Content ID gives rights holders the choice between trying to profitably harness the creative (and free) energies of users on YouTube, or blocking any use of their material. The Content ID system splits the ad revenue profit between YouTube and the rights holder, each receiving somewhere between 40-50% (some cases may enable a small portion, around 4 or 5% to go to the video creator/uploader).

It is unclear exactly how much money Mad Decent & Baauer generated from Harlem Shake videos on YouTube. However, it can be reasonably estimated from the roughly 250 videos of one million viewers or more that Mad Decent could claim through YouTube’s Content ID, that Mad Decent’s ability to harness the meme through their copyright privileges netted them, in direct revenue from YouTube alone, at least a few million USD.[iv]
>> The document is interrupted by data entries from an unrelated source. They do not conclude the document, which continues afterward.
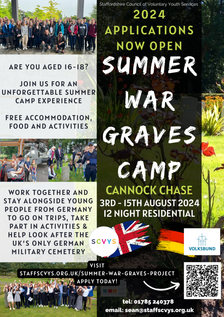 Young people aged 16 to 18 are invited to apply for the Summer War Graves Camp at Cannock Chase. Working together with the German War Graves Commission, SCVYS are pleased to continue the delivery of this exciting programme. Young people from Staffordshire and Germany come together to find out about each other’s cultures, learn about […]
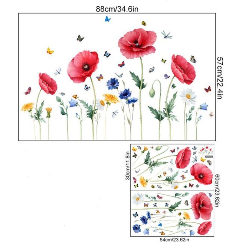 – Sticker mural coquelicot rouge – Décoration murale amovible et imperméable – Pour murs, fenêtres, meubles – Stickers colorés faciles à poser
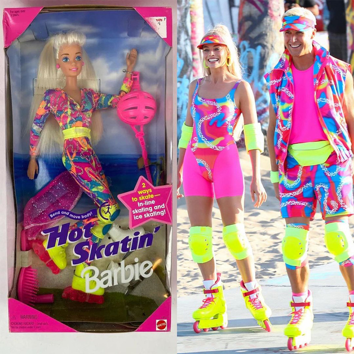这一套滑冰造型,借鉴了 1994 年的 Hot Skatin 系列芭比娃娃。荧光绿的护膝将芭比粉衬得更加亮眼。
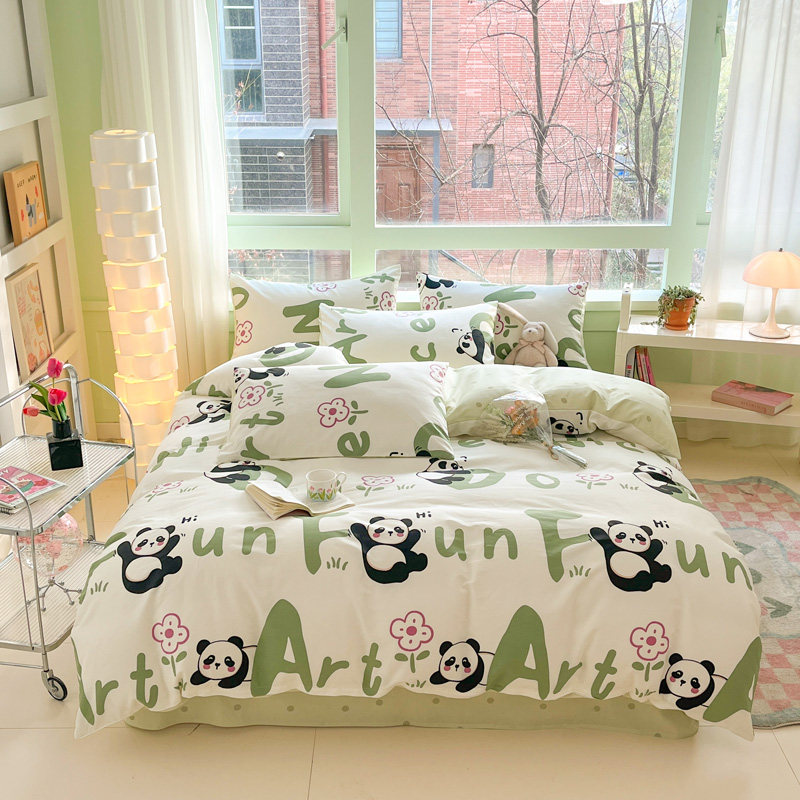 无印良品全棉四件套学生宿舍纯棉卡通儿童被套床单三件套床上用品
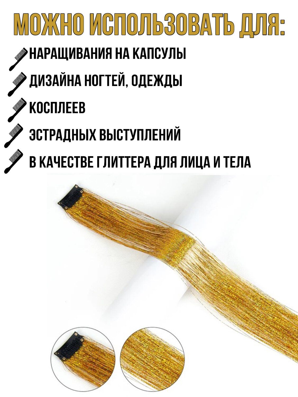 Купить Блестящие пряди на заколках 6 штук (золотые)
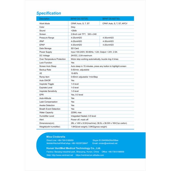 Ventmed Bi-level Positive Airway Pressure (BiPAP) with EPR
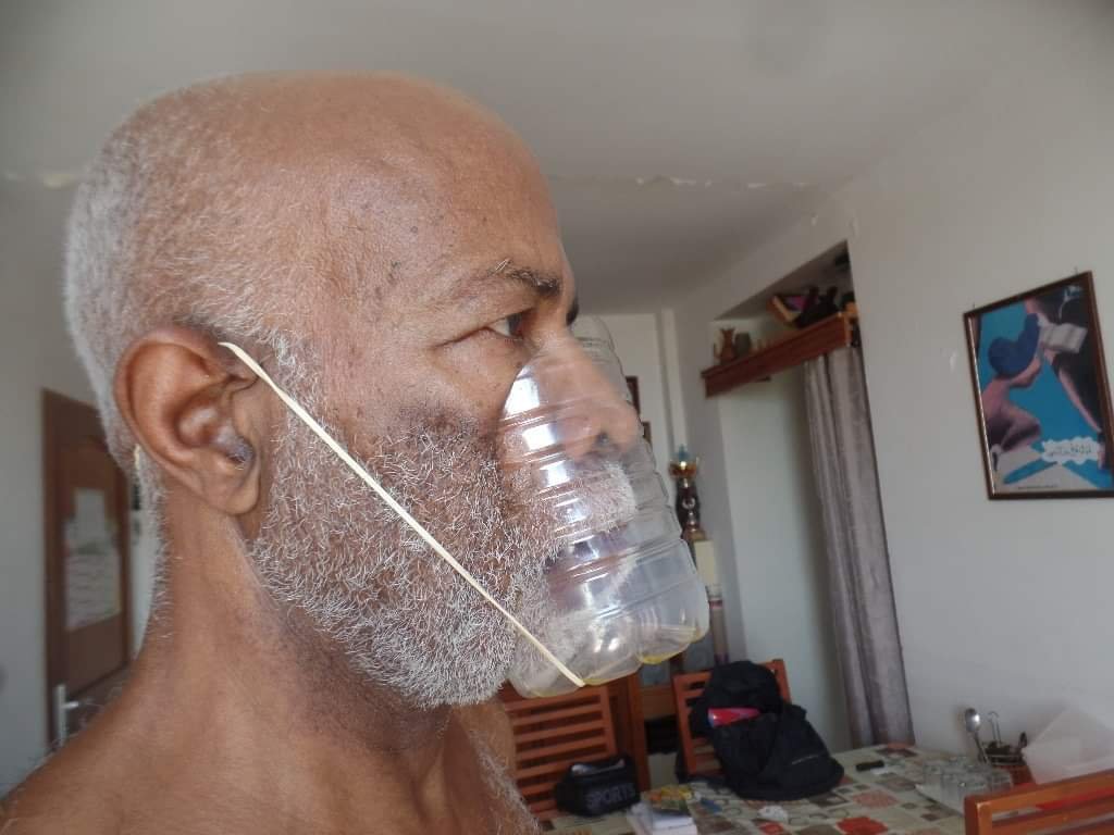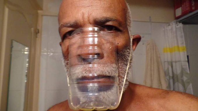 Insolite. Abdoulbar lance un nouveau type de masque anti coronavirus. Le masque permet également de retenir la bave et les crachats… Le confinement vient de faire sa première victime… Le masque artisanal est fait avec une bouteille en plastique. L’histoire ne dit pas s’il a déposé son invention🤣🤣🤣

From the perspective of Mad Decent and YouTube/Google, the Harlem Shake meme was a potent and harness-able force. Content ID allowed Mad Decent to harness millions of hours of creative free labor, and profit handsomely. The millions of hours of creative labor that went into producing the tens of thousands of Harlem Shake meme videos were a creative undertaking the scale of which not even the largest record companies could muster. While no one person created the Harlem Shake meme, the ability of Mad Decent to control and profit from the phenomena through Content ID gave them a kind of de facto ownership of the collectively produced meme, as they remain the majority profiteer.

Ownership & Authorship

Baauer’s EDM song, the Harlem Shake itself depends heavily on sampled music. Two of the most crucial samples which form the base of the song (and the dance meme) “do the Harlem Shake” and “con los terroristas,” are samples from two different songs, used without attribution or permission. While answering questions in a Reddit AMA, Baauer was asked where he got the “con los terroristas” sample. He responded as if he didn’t know, remarking:

baueerinnerweb

Despite Baueer’s ignorance (feigned or not), Redditors quickly figured out the origination of the sample, posting to his AMA thread:

hectorelfather

It is curious whether Baauer really had no idea where the sample came from, or if he was intentionally feigning ignorance as he knew that now that his song had gone viral along with the meme, there would be scrutiny of its copyright infringements. As Redditors pointed out, the “con los terroristas” sample comes from a 2006 song “Maldades” by Puerto Rican reggaeton artist Héctor “El Father” Delgado. In a radio interview, Delgado noted that he only learned about this Harlem Shake meme when a friend phoned him to tell him, and that he was planning on suing Baauer for the unlicensed use of his track. The other key sample comes from the 2001 song “Miller Time” by Plastic Little, a relatively unknown rap group. The clip “do the Harlem Shake”, from which Baauer titled his own song and forms the key moment for the meme when the beat drops, has its own rather strange story. Plastic Little’s Jayson Musson, who wrote the lyric, explained in an email to The Fader that the line is based on bloody fist fight he had with a graffiti artist, to whom he danced the Harlem Shake after beating. The lyric is “And if you bring a 40 bottle to battle me/ I’ll just punch you in the face/ then do the Harlem Shake.” Due to the unlicensed sampling, Baauer’s label Mad Decent, a small independent label, had to cut deals with both Delgado and Musson.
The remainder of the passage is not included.